Astrazeneca plc, faced with what CEO Pascal Soriot recently called "probably the largest patent expiry in the industry as a proportion of the total company," has agreed to pay Daiichi Sankyo Co. Ltd. up to $6.9 billion to jointly develop and commercialize an antibody-drug conjugate (ADC) for the potential treatment of multiple HER2-expressing cancers. The deal for trastuzumab deruxtecan (DS-8201), which could have big benefits for both companies, includes $1.35 billion up front for Daiichi Sankyo. It could also yield a further $5.55 billion in milestone payments to the Tokyo-based big pharma.

A first regulatory submission for the ADC, currently in phase III, is scheduled for the second half of 2019 in advanced or refractory breast cancer.

Daiichi Sankyo shares (TOKYO:4568) climbed 15.9 percent to ¥5,100 (US$46.02) on the news late last week. Astrazeneca, which is funding the deal via a $3.5 billion follow-on offering, saw its shares (NYSE:AZN) fall 5.9 percent to $40.43 on Friday.
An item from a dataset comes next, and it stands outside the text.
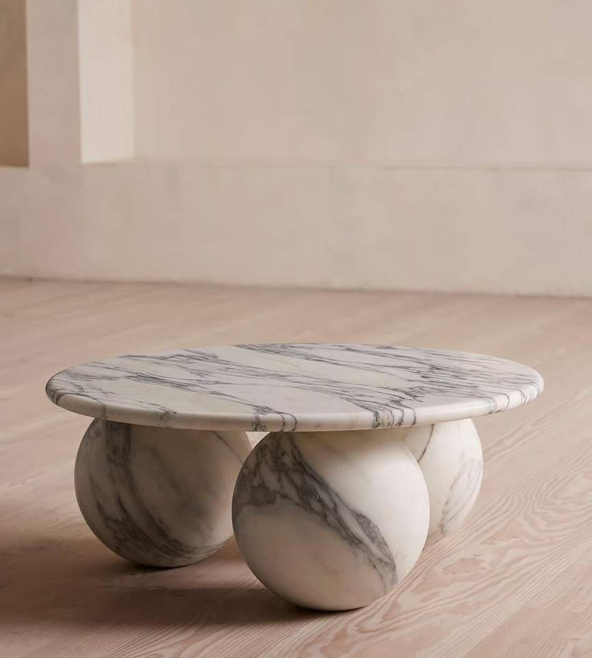 For Newstar Modern Round Marble Coffee Table with Sphere Ball Base Natural Marble Center Table for Living Room Furniture Set
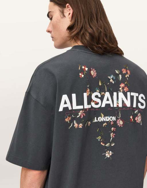 AllSaints – Pentacle – T-Shirt in verwaschenem Schwarz mit Rundhalsausschnitt

If successful, the ADC could offer certain breast cancer patients an alternative to Roche Holding AG's blockbuster ADC, Kadcyla (trastuzumab emtansine). It could also find applications in gastric, non-small-cell lung and colorectal cancers should trials in those indications pan out. (See BioWorld, Oct. 10, 2018.)

Soriot said Friday that Astrazeneca is looking to "maximize the value and utility" of the drug, which he said could be "transformative" not only as a taxane-free treatment of HER2-positive cancers, but also as an avenue to treating HER2-low cancers, which represent a significant segment of breast cancers. The asset also holds the potential to provide a long-term financial benefit to the Cambridge, U.K.-based company, he said, noting an expectation that it will provide growth not only in the near term, "but importantly, strong growth over a long period of time until 2030 and beyond."

Astrazeneca and Daiichi will share costs of trastuzumab deruxtecan's development equally while jointly holding responsibility for its development and commercialization, except in Japan where Daiichi Sankyo will retain exclusive rights.

Under the terms of the deal, half the $1.35 billion up-front payment was due upon execution, with the remainder payable a year later. The up to $5.55 billion in contingent payments that could fill out the rest of the deal's value include $3.8 billion for successful achievement of future regulatory and other milestones, as well as $1.75 billion for sales-related milestones.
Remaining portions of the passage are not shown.